The cause of a transudate is usually clinically obvious. If, however, there is no obvious underlying cause, surely cytological and/or histological examination should still be sought, as for an exudate?

Estimation of pleural fluid protein or LDH is also irrelevant if the fluid is bloodstained, as here further investigation for possible malignancy is warranted anyway.

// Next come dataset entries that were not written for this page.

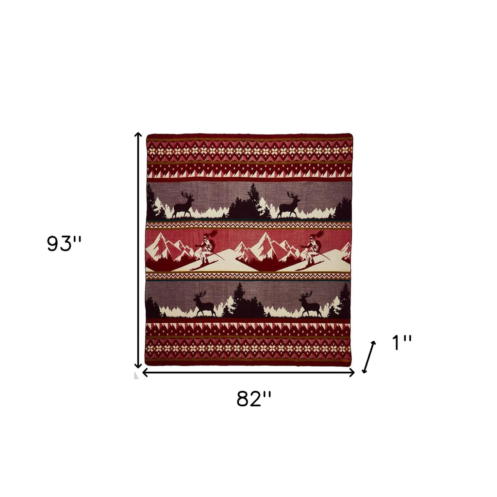 Ultra Soft Red Ski Mountain Handmade Queen Size Woven Blanket
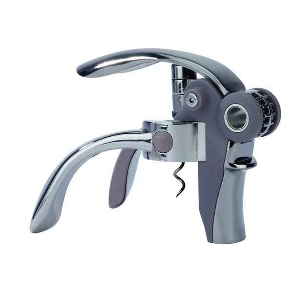 - WELL-BUILT — A bold and contemporary design, the lever-style corkscrew is made with solid metal with a refined gunmetal finish. The handles are highly ergonomic and offer a soft touch and comfortable grip. It is presented in a beautiful case — a perfect gift
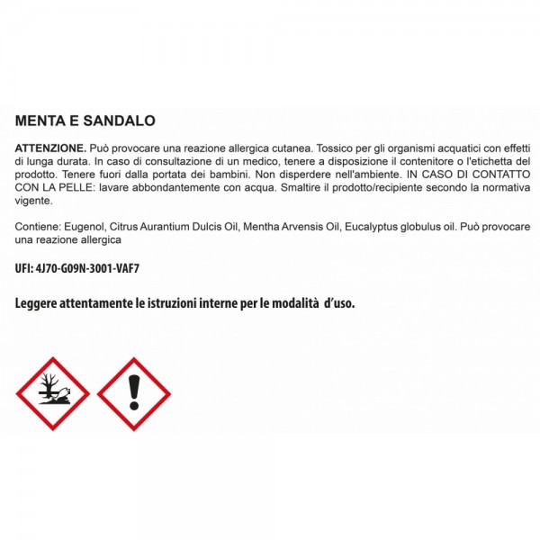 MENTA E SANDALO Essenza che diffonde nell’ambiente una sensazione di aria fresca e pulita. Note di menta, lavanda, mela verde, basilico e legni donano un tocco di energia e vitalità..

We propose that the principal use for pleural fluid protein or LDH measurement is when a probable underlying cause for a transudative effusion is apparent, such as heart failure or hypoalbuminaemia, and the fluid is not bloodstained. In this situation the finding of a transudate may help to reassure that no further investigation is necessary except observation, and that a trial of treatment with, for example, diuretics may be of help.


Authors' reply

We appreciate the comments by Quantrill and Dabal on our recent paper1 and would like to clarify the issues raised by them. By definition, when the pleural fluid is classified as a transudate, it indicates that a pathological process does not involve the pleural surface and that an effusion is formed because of a hydrostatic imbalance. If the pleural fluid is bloodstained, it therefore suggests disruption of the pleural membrane by an inflammatory or malignant process and hence cannot be classified as a transudate, which obviates the need for estimation of fluid LDH or protein estimation for diagnostic classification. However, as suggested by Quantrill and Dabal, an occasional malignancy may present as a transudate, in which case the mechanism is usually an effusion from collapse of a lobe causing an increase in the negative pleural pressure. Whatever the mechanism, if clinical suspicion for malignancy is high, further appropriate investigations need to be carried out.

Furthermore, Quantrill and Dabal state that hypoalbuminaemia is an apparent cause for transudative effusions.2 However, recent literature shows that hypoalbuminaemia per se may not cause pleural effusions.3 In our paper we have provided the positive likelihood ratios of the various tests so a clinician armed with the pretest probability for any individual patient and the positive likelihood ratio can work out the post-test probability using a standard nomogram.4,5 In light of the above, we suggest that fluid LDH and total protein ratio are useful in the diagnostic separation of pleural effusions.